Monday, December 27, 2010

End of this line

While I'll likely write a much longer post on this later today or tomorrow, the short version is this: Thanks to a complaint from one store that falls somewhere between exaggeration and fabrication, I no longer am welcome at that store and, therefore, no longer eligible to run the account I've been on for the last six months. I intend on sending a complaint of my own to corporate to try set the record straight and appealing it to the two people within my own company who are capable of overturning that decision, but it's extremely unlikely that it's going to go anywhere. Unless something miraculous happens, effective Friday I'm off the account.

I've been "offered" a chance to transfer to regional or over-the-road, but neither of those is a very appealing option. Under regional services I'd likely take a pay cut and be home only weekly, plus would give up any certainty at all to my schedule and might not even be home on weekends consistently; my days off could fall mid-week when there's nothing to do and nobody to do it with. Over-the-road would be even more depressing: home no more than every other weekend. And of course, both of those options would leave me dealing with random people on the phone and all the problems that come up when dealing with an ever-changing mix of contacts within and without the company.

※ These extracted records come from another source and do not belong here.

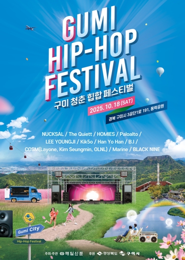 [무한뉴스=최진수 기자] 구미시는 오는 10월 18일 동락공원에서 청춘들의 열정과 힙합 음악이 어우러지는 '2025 구미청춘힙합페스티벌'을 개최한다. 이번 공연은 오후 3시 30분부터 밤 10시까지 진행되며, 전석 무료(스탠딩존)로 선착순 입장할 수 있다.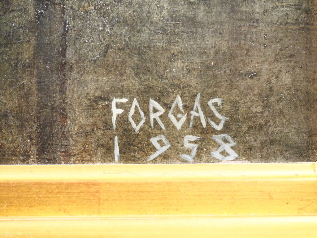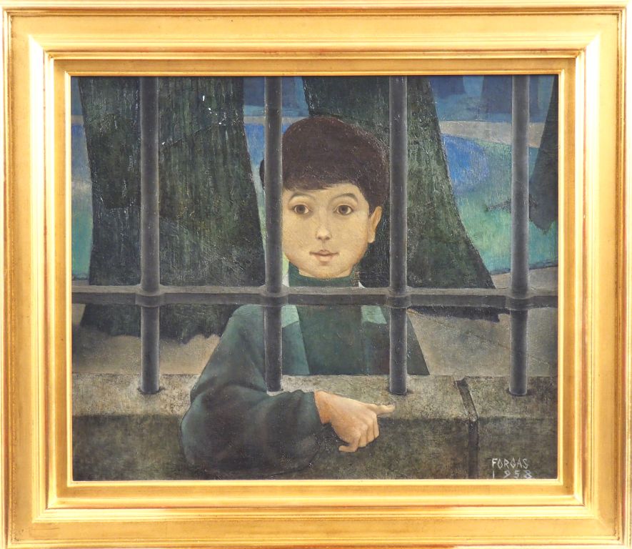 FORGAS. "l'enfant à la grille" Huile sur toile, signée en bas à droite et datée 58 Dim. 46,5 x 55 cm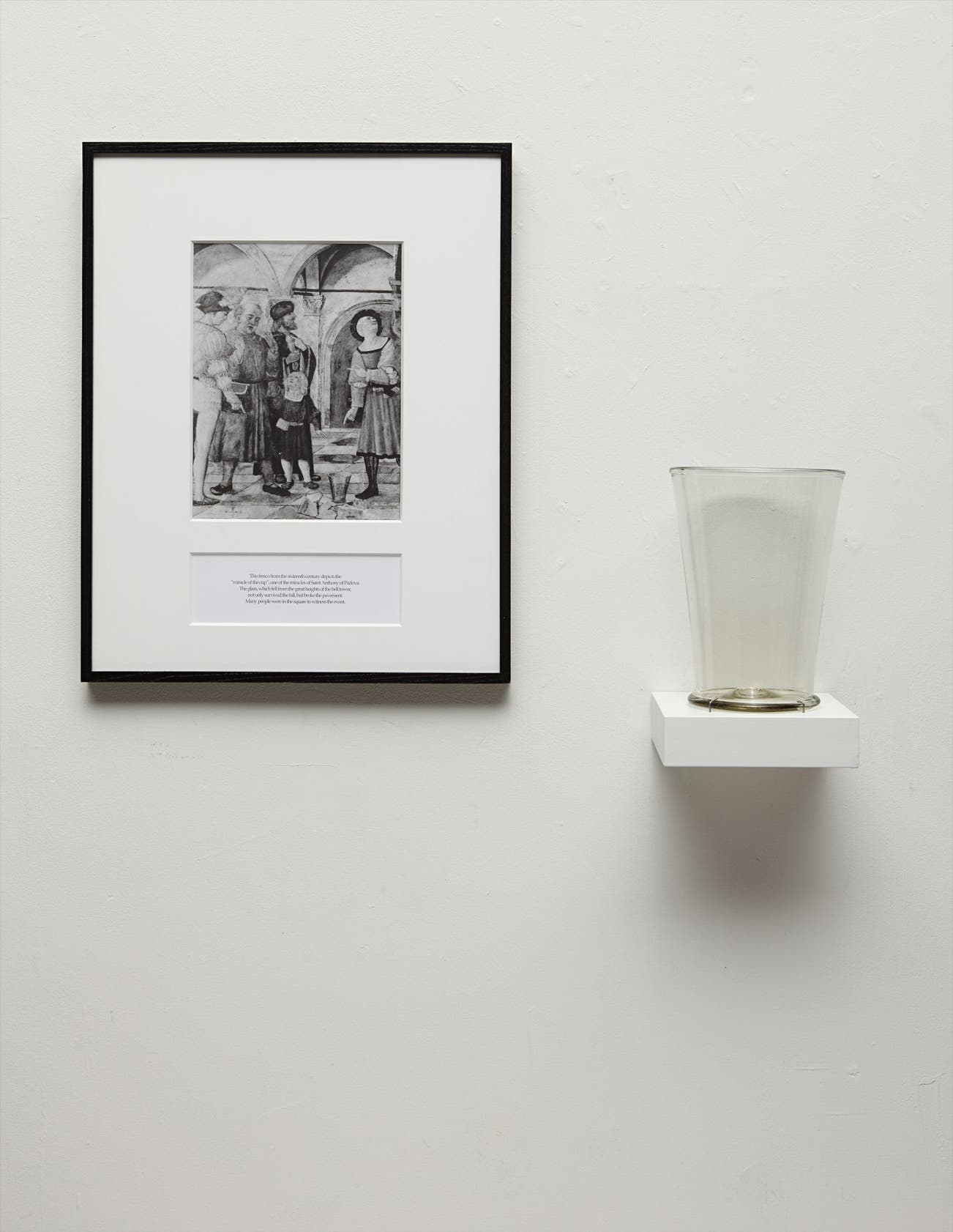 The complete set of three objects, one framed reproduction of a Renaissance fresco with text, one hand-blown glass vase and one painted shelf,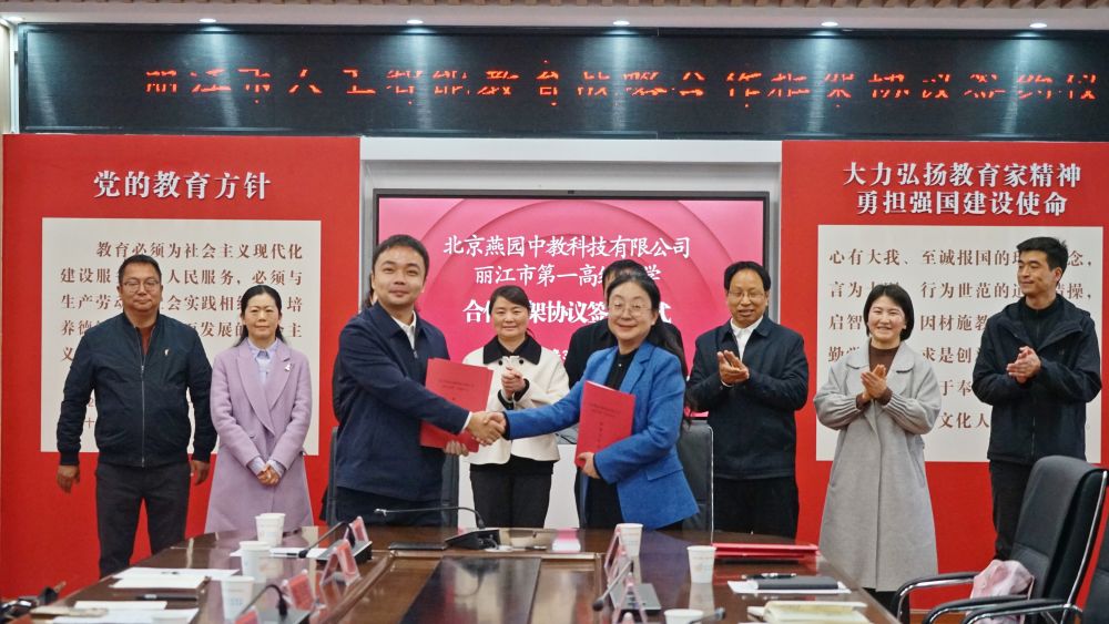 麗江市一中負責人與北京燕園中教科技有限公司負責人進行簽約。(麗江融媒記者 李琳 攝)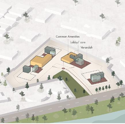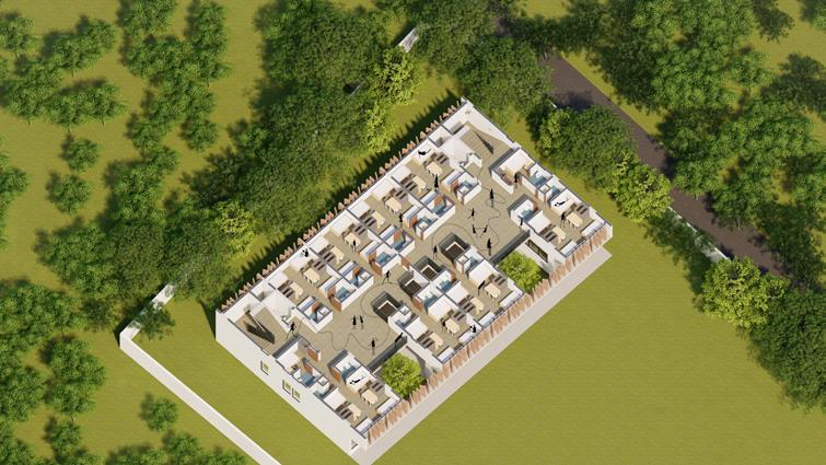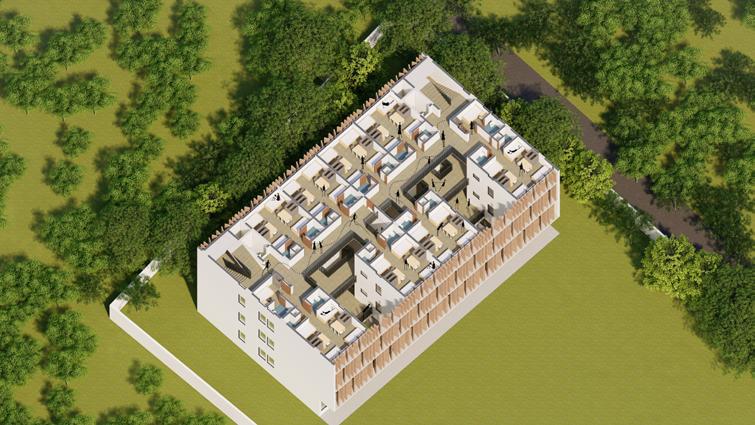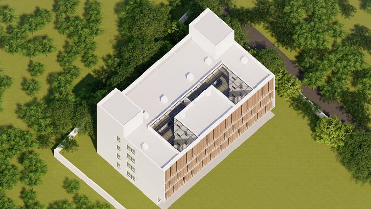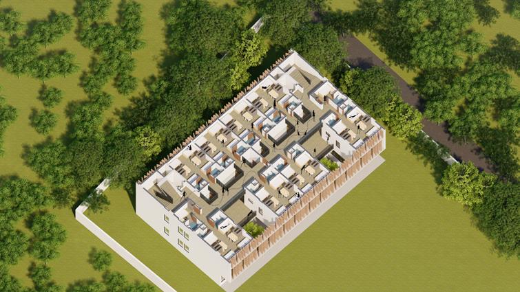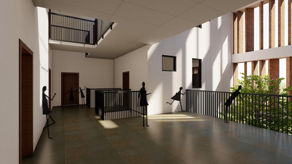Courtyards and verandahs are strategically integrated to enhance ventilation throughout the structure. The ground floor features a spacious covered verandah with two courtyards, providing communal space for students to gather and socialize. The northeast and southeast corners house vertical cores for seamless access between floors. The first, second, and third floors have eight dormitories with attached bathrooms. The floor plate steps back to create a triple-height space topped with a skylight, serving as a lively communal hub.

Given that this is all coming about because of a complaint that isn't even truthful, I'm seriously reconsidering dealing with the company at all. If someone can just make something up and create this much drama, I have little reason to believe that it wouldn't happen again even if I somehow dodge this bullet.

Sunday, December 12, 2010

Hard Brakes

No, that isn't a typo. It's what might get me fired, though.

According to our company policy, decelerating at least 9 mph in one second counts as a hard braking incident. Three within thirty days is termination. I've had one of those weeks where I racked up three of those incidents just since Tuesday. Allow me to recap:

  1. Tuesday afternoon, while on US 31 just south of Kokomo, the semi in front of me stomped on his brakes hard enough that they immediately started smoking. I had little choice but to do the same, despite maintaining an adequate following distance. The reason for the braking? Far as I could tell, a cop pulled someone over into the median and said person pulled into traffic without looking, nearly causing a six-vehicle pile up. There was a guy towing a small recreational trailer at a 60 degree angle to the road everyone came to a full stop. Of course, the cop didn't do anything about it.
  2. Friday morning, on US 31 in Carmel. The road conditions were improving as I went south and I know that 31 is a top priority through that area. I was accelerating from 45 to 55 as the speed limit increased. There's a stop light at the end of a wide, sweeping curve in the road. The light changed to yellow; I hit the brakes and started sliding on the only patch of ice they missed. I had to get off the brakes, correct my trajectory, then decelerate. Somewhere during that I triggered the fault. I stopped right on the line, though.
  3. Today, about 4 PM, on I-70/65 in downtown Indianapolis. I was in the middle lane trying to pass two people doing 25. One of those people - without signalling - moved into my lane. I pressed the brakes and started to skid. The speedometer dropped sharply from 40 to 25; the hard braking alert went off once again. I am almost certain that my actual speed went from 40 to 30 over several seconds, not near-instantaneously. But, as far as the computer is concerned, I somehow screwed up again.
Except for perhaps the second incident - in which I might have been travelling slightly too fast - I don't see anything but quick reactions in defensive driving situations. Had I not done what I did, I would have blown through a light, rear ended someone else, or worse. Trying to keep other people safe by reacting quickly and decisively, apparently, is very likely to get me fired when the account manager sees all this data Monday morning.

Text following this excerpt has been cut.